Florida braces as Hurricane Elsa gets nearer to coast

Florida is bracing for Elsa, which regained hurricane strength Tuesday night, and its expected landfall Wednesday morning, forecasters said.

The hurricane could dump as much as 9 inches of rain and cause flooding, and officials are warning of a possible life-threatening storm surge.

The Category 1 hurricane with maximum sustained winds of 75 mph was moving north “just offshore” the Tampa Bay area around 11 p.m. Tuesday, the National Hurricane Center said. It was around 65 miles southwest of Tampa and moving at 14 mph.

Officials in Tampa on Tuesday night urged residents to stay off the roads. “You don’t need to be out, do not go out,” Mayor Jane Catsor said earlier Tuesday. “We’re going to have a lot of rain, a lot of wind.”

In New Port Richey, northwest of Tampa, Derek Watkinson put storm shutters on his home Tuesday.

“With Mother Nature, anything can happen,” Watkinson told NBC affiliate WFLA. “So, I’m just going to go with the flow and a ‘better safe than sorry’ kind of thing.”

On Tuesday night, hurricane-force winds extended up to 25 miles from the storm’s center, but tropical-storm-force winds reached 80 miles from the center, forecasters said.

“It’s a compact storm, but that compact storm packs a punch,” said Ken Graham, director of the National Hurricane Center.

Hurricane warnings were in effect from Tampa Bay and north to the Steinhatchee River in the state’s Big Bend region. Storm surge warnings covered a stretch of the coast from south of Fort Myers to the Aucilla River southeast of Tallahassee.
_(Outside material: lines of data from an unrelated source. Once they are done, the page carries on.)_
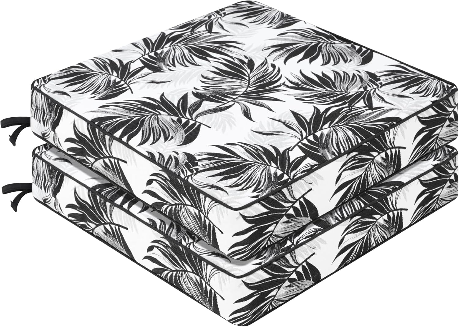 Favoyard Outdoor Chair Cushion 22 x 22 x 3 In Waterproof Pattern Fade Resistant Cushions for Patio Furniture with Removable Cover Attach Straps 28D Foam Insert Cushions Pads for Seat Sofa Couch 2 Pack
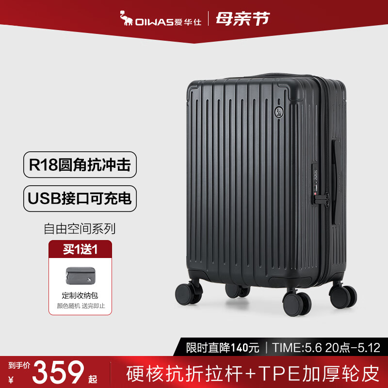 爱华仕行李箱20英寸男小型拉杆箱女万向轮登机箱旅行箱轻便密码箱骑士黑价格:499.00元!
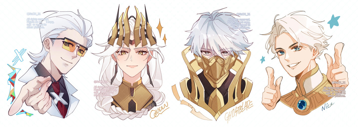 The price for default format (the first 2 samples) is USD 200 / IDR 1.500.000 but can also be fitted to your budget.For default format the client will get 1 full-rendered thigh up, 1 full body semi-chibi (front and back view), 2 different expression chibi, custom simple layout, eye details and 2 accessories.※ Price doesn't include character design and may increase due to client's request. Contact me for further inquiries.
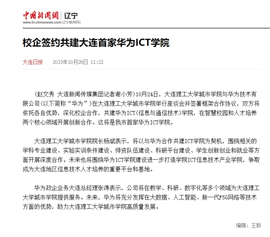 中国新闻网|辽宁:校企签约共建大连首家华为ICT伟德
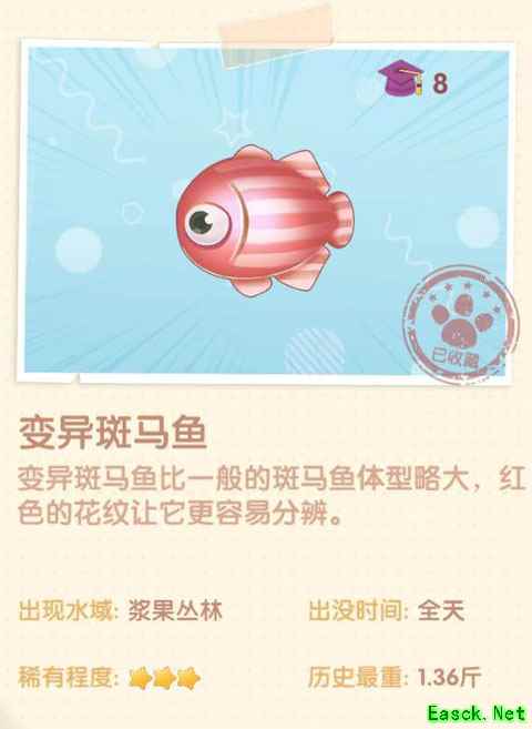 《摩尔庄园手游》变异斑马鱼图鉴一览出现水域 浆果丛林 出没时间 全天 历史最重 1.36斤
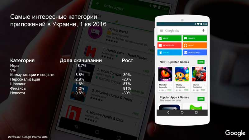 В нашей стране статистика по использованию мобильных приложений позитивная. Только за первый квартал текущего года рост скачивания приложений составил 16%, а доходы разработчиков выросли на 40%. На первом месте пока традиционно идут игры, но им в спину дышат финансовые и шопинговые приложения.

The storm is expected to make landfall along the north Florida Gulf coast Wednesday morning before moving into Georgia and North Carolina on its way northeast.
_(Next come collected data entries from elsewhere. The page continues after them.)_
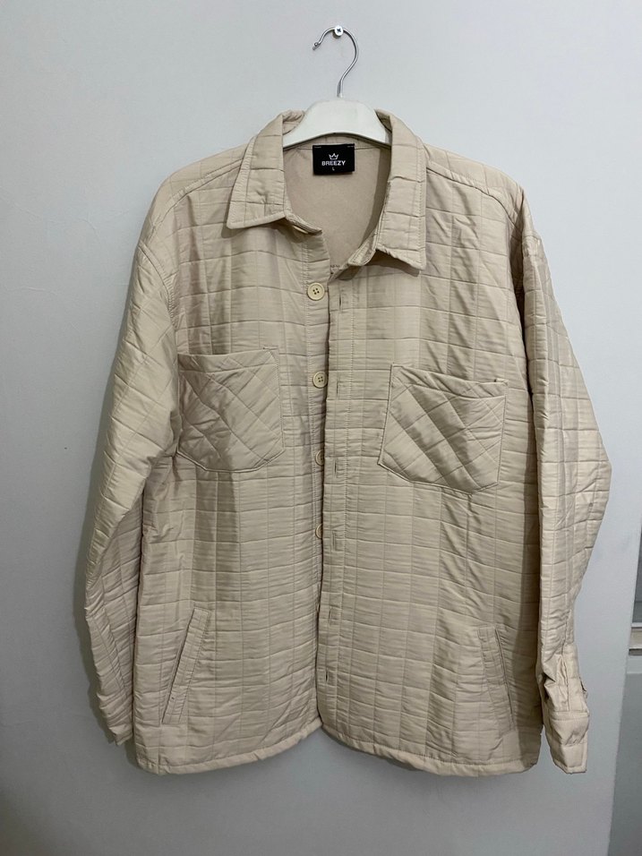 Bej renkli keten kumaştan, düğmeli ve uzun kollu, kesikli yakalı, günlük sokak stiline uygun kadın ceket. Kumaşı mont kumaşı gibi
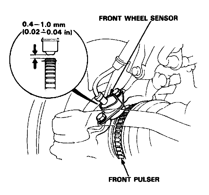 (A front wheel sensor and pulser are shown; the rear wheel sensors and pulsers are similar.)
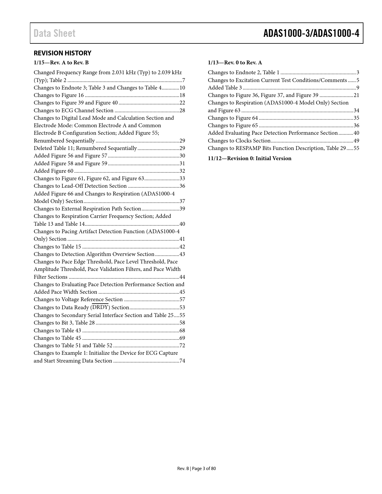Changed Frequency Range from 2.031 kHz (Typ) to 2.039 kHz Changes to Endnote 2, Table 1 .. 3 (Typ); Table 2 ... 7 Changes to Excitation Current Test Conditions/Comments .. 5 Changes to Endnote 3; Table 3 and Changes to Table 4 ... 10 Added Table 3 .. 9 Changes to Figure 16 .. 18 Changes to Figure 36, Figure 37, and Figure 39 ... 21 Changes to Figure 39 and Figure 40 ... 22 Changes to Respiration (ADAS1000-4 Model Only) Section Changes to ECG Channel Section .. 28 and Figure 63 ... 34 Changes to Digital Lead Mode and Calculation Section and Changes to Figure 64 .. 35 Electrode Mode: Common Electrode A and Common Changes to Figure 65 .. 36 Electrode B Configuration Section; Added Figure 55; Added Evaluating Pace Detection Performance Section ... 40 Renumbered Sequential y .. 29 Changes to Clocks Section ... 49 Deleted Table 11; Renumbered Sequentially ... 29 Changes to RESPAMP Bits Function Description, Table 29 ... 55 Added Figure 56 and Figure 57 ... 30
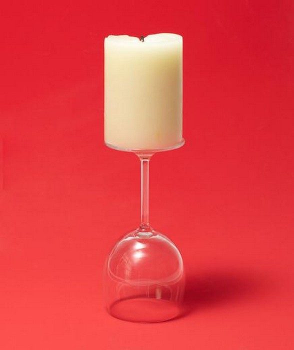 4. А в качестве оригинального подсвечника можно использовать перевёрнутый бокал. Выглядит ну очень стильно
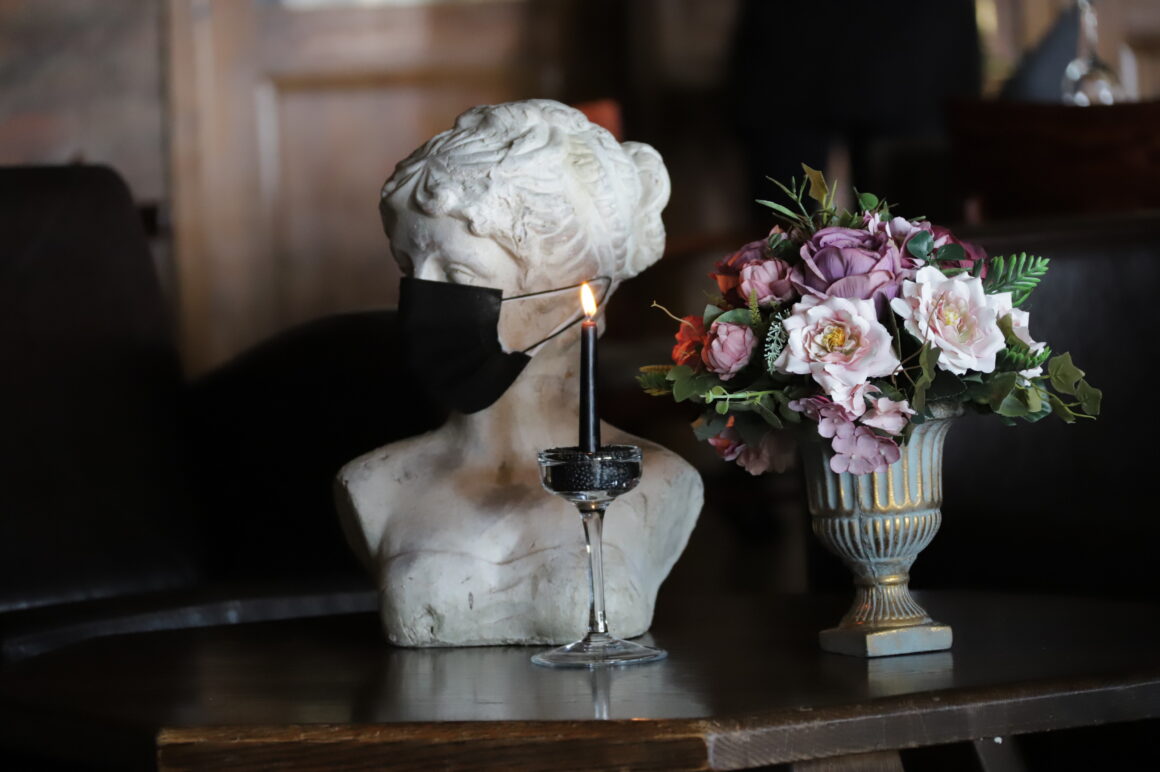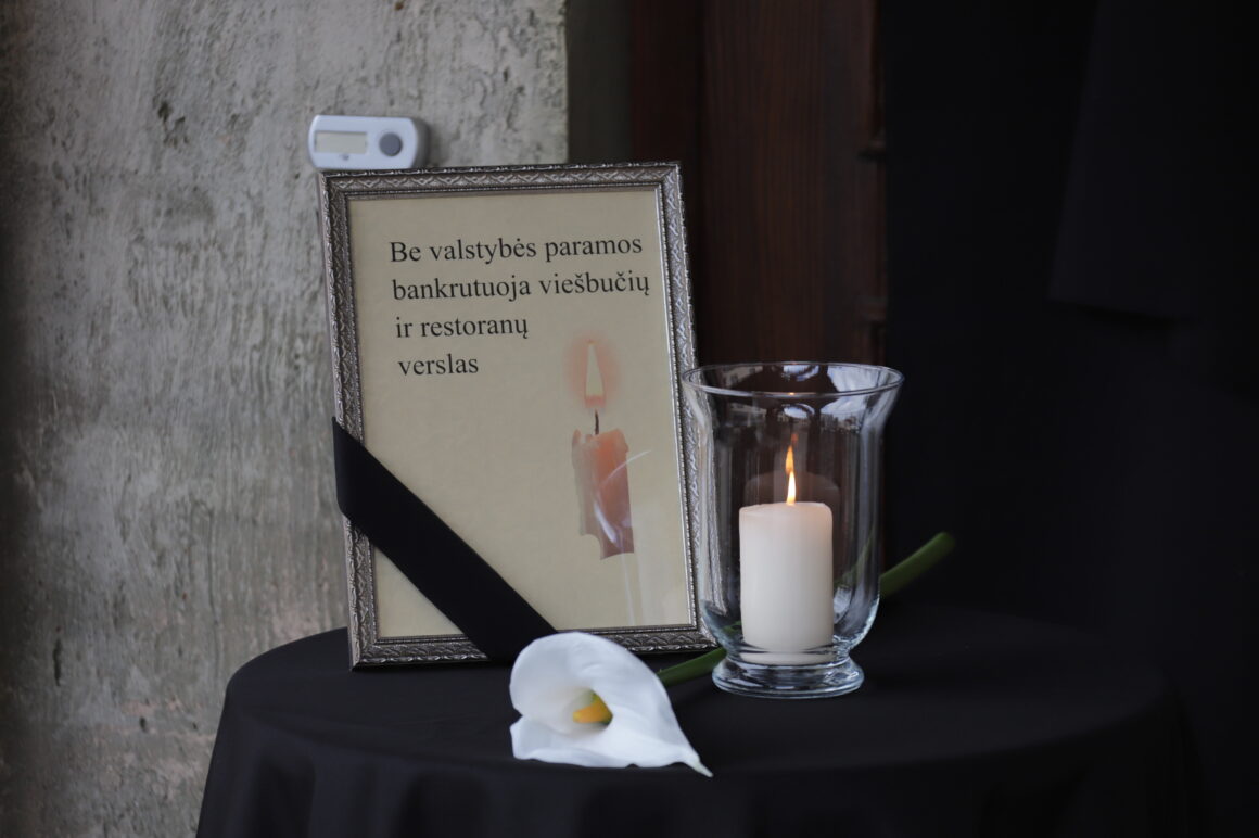 Juoda juostele aprišti staliukai restorane, žvakės ir laidotuvių vainikai kviečia gedulingų pietų. Tačiau per karantiną net ir jie draudžiami. Tokiomis sąlygomis jau metus gyvenantys restoranai ir viešbučiai ėmėsi makabriškos protesto akcijos „Paskutinė verslo vakarienė“.

In addition to the watches and warnings in Florida, a tropical storm warning was in place for the coasts of Georgia and South Carolina, and watches extended to North Carolina.

Georgia Gov. Brian Kemp issued a state of emergency for parts of his state Tuesday to allow for aid, and Florida had declared an emergency ahead of the storm.

Utility company Duke Energy said it had 3,000 personnel staged in western and northern Florida to respond to power outages and crews had been brought in from other states.

Tampa International Airport suspended commercial service at 5 p.m. Tuesday but expected to reopen Wednesday morning. Sarasota recorded a 54 mph gust at its airport Tuesday night, the city said.

Determined visitors head for Sloppy Joe’s Bar while crossing a flooded Duval Street as heavy winds and rain pass over Key West, Fla., on July 6, 2021.Rob O’Neal / AP

Elsa lashed the Florida Keys with tropical-storm-force winds Tuesday. Key West International Airport recorded a gust of almost 60 mph, the National Weather Service said.

The storm is the first hurricane of the Atlantic hurricane season, which began June 1 and lasts through November.

Elsa is blamed from the death of one person on St. Lucia and of two in the Dominican Republic, The Associated Press reported.